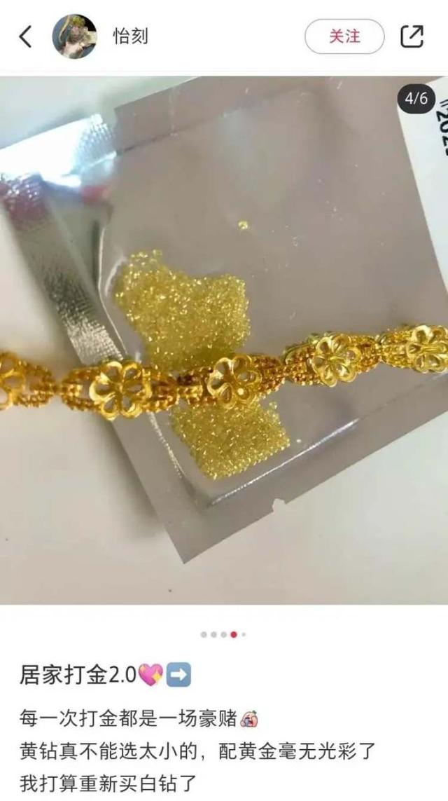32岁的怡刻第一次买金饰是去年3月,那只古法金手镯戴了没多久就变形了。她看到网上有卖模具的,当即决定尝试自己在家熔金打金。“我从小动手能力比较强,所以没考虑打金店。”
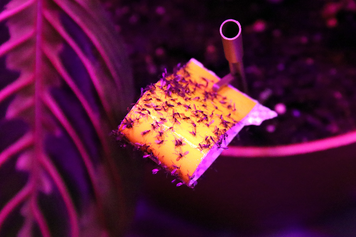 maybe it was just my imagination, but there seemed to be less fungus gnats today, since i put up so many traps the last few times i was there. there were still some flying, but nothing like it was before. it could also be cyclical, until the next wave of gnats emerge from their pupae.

...

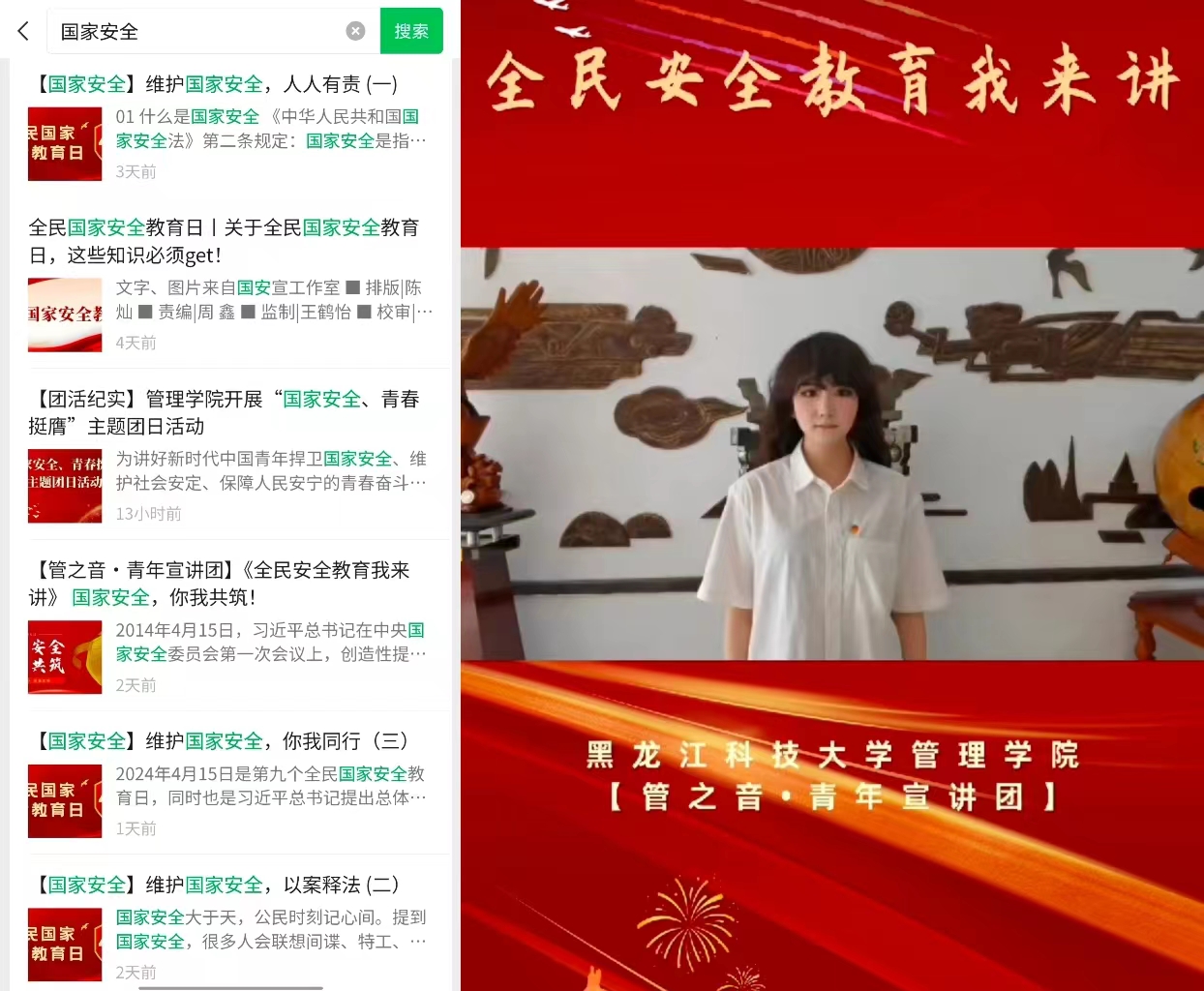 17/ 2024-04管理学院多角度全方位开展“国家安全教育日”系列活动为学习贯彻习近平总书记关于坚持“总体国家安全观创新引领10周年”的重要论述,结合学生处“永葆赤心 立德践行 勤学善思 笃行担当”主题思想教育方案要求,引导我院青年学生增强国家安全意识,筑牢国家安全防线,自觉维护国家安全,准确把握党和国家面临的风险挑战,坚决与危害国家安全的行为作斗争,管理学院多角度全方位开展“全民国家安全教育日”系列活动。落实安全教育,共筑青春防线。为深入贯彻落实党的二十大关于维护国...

* * *

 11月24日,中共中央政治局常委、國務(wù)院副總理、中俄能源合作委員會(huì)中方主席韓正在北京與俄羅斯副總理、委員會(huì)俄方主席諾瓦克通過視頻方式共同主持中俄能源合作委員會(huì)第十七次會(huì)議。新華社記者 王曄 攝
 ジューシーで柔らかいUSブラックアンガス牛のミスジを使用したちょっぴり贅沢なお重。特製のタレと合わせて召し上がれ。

▶ [REQUIRED WORK]: In the records above, copy exactly everything from the line that has "32岁的怡刻第一次买金饰是去" down to the line that has "maybe it was", both ends included, and leave out the pictures.

▶ [OUTPUT FOR THIS TASK]:
32岁的怡刻第一次买金饰是去年3月,那只古法金手镯戴了没多久就变形了。她看到网上有卖模具的,当即决定尝试自己在家熔金打金。“我从小动手能力比较强,所以没考虑打金店。”
 maybe it was just my imagination, but there seemed to be less fungus gnats today, since i put up so many traps the last few times i was there. there were still some flying, but nothing like it was before. it could also be cyclical, until the next wave of gnats emerge from their pupae.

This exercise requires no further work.